Furthermore, a second Salmonella/microsome assay for mutagenicity (without preincubation) performed with Salmonella typhimurium TA 100 according to Ames et al . (1975) also revealed no mutagenic effect after exposure to the test substance 2 -chlorobenzaldehyde (Rietveld et al., 1983).

2-chlorobenzaldehyde was examined for potential mutagenicity in the Salmonella/ mammalian-microsome assay with and without adding a metabolic activating system (S9). In both cases the test substance showed no mutagenic effect (Nestmann et al., 1980).

Ziegler-Skylakakis et al. (1989) investigated the genotoxicity of 2-chlorobenzaldehyde to V79 Chinese hamster cells using the induction of micronuclei as a biological endpoints. Furthermore the cytotoxicity of o-Chlorobenzaldehyde was measured by determining the cloning efficiencies of treated and untreated cells immediately after exposure to the test substance. 2-chlorobenzaldehyde did not cause a significant increase in the frequency of micronuclei up to the highest concentration tested and the cell survival of the V79 cells was only slightly reduced (15%).

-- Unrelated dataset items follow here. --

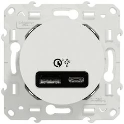 SCHNEIDER Odace – Prise USB Double – Charge Rapide – Type A+C – Blanc – 18W – 3,4A (S520219)
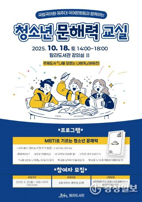 광장일보 주재영 기자 | 제주시 탐라도서관은 제주대학교 국어문화원 지원사업의 일환으로 ‘청소년 문해력 교실’을 운영한다.
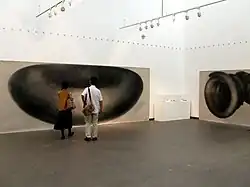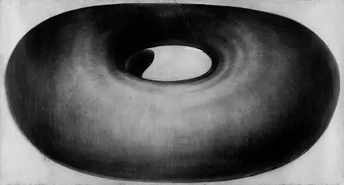 This shape also offers the possibility of mathematical transformation, during which the whole object can be turned inside out through eversion (like From nowhere to nowhere, 1990–1997), to work in a 4D space and to decrease the central space through shortening of the axis, leading to final degeneration into a sphere. (It, charcoal on cardboard, 220 x 480 cm, 1989–92).
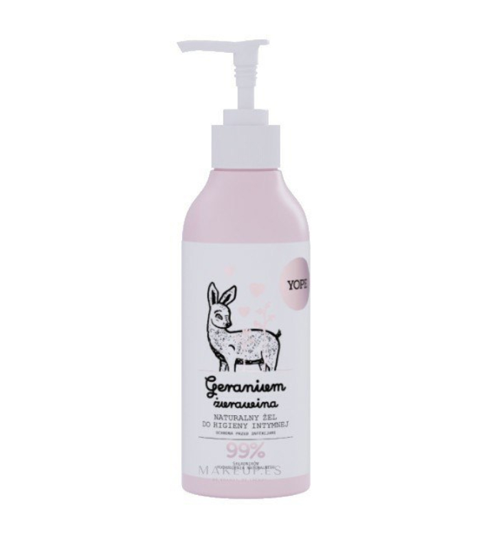 Yope Geranium and Cranberry Intimate Gel ist ein zartes, schäumendes Gel, das das Mikrobiom sanft stärkt, um empfindliche Bereiche vor Reizungen zu schützen.

The clastogenicity of 2-chlorobenzaldehyde to V79 Chinese hamster cells was investigated after a 20 hour-exposure. O-chlorobenzaldehyde was inactive in these experiments and did not show a clastogenic effect (Bauchinger and Schmid, 1992).

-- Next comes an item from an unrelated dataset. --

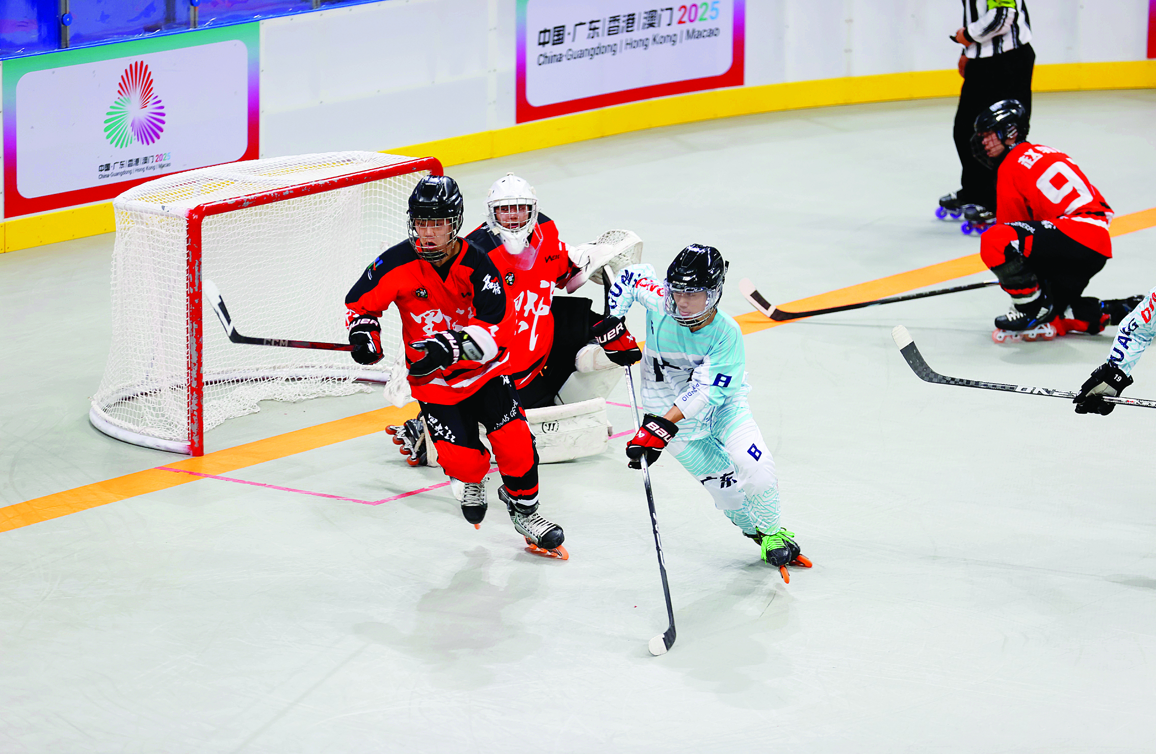 昨日的單排輪滑球比賽中,廣東男隊(藍(lán)方)4:1戰(zhàn)勝黑龍江男隊;葜萑請笥浾邨罱I(yè) 攝

When V79 cells were exposed to 2-chlorobenzaldehyde for 20 h and incubated without the test substance for another 20 h, o-chlorobenzaldehyde was found to be highly aneuploidogen; as compared to the control, a 6-fold higher incidence of aneuploid cells was observed, but the effect was not dose dependent (Schmid and Bauchinger, 1991).


Short description of key information:
Genetic toxicity:
-in vitro:
-Ames test: Zeiger et al. (1992), similar or equivalent to OECD guideline 471 - not genotoxic, not mutagenic.
Rietveld et al. (1983), similar or equivalent to OECD guideline 471 - not genotoxic, not mutagenic.
Nestmann et al. (1980), bacterial reverse mutation assay as described in the literature (Ames et al., 1975) - not genotoxic, not mutagenic.
-In vitro mammalian cell micronucleus test: Ziegler-Skylakakis et al. (1989), similar or equivalent to OECD guideline 487 - not genotoxic, not mutagenic.
- Clastogenic capacity: Bauchinger and Schmid (1992) - not clastogenic
- Analysis of the aneuploidy inducing capacity: Schmid and Bauchinger (1991) - highly aneuploidogen.
- in vivo: no data

Endpoint Conclusion: No adverse effect observed (negative)

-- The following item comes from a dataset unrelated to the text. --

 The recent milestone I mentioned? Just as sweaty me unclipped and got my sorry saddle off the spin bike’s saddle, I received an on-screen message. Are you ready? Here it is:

Justification for classification or non-classification

The Ames Test, as well as the in vitro mammalian cell micronucleus test and a chromosome aberration test revealed neither genotoxic nor mutagenic effects of 2-chlorobenzaldehyde in bacteria or mammalian cells in vitro. Only one publication showed aneuploidy and polyploidy in V79 Chinese hamster cells. As the majority of the published studies showed no signs of mutagenicity, the test substance 2 -chlorobenzaldehyde is considered no to be mutagenic.

Data of in vivo genotoxicity and mutagenicitiy tests were not available to date.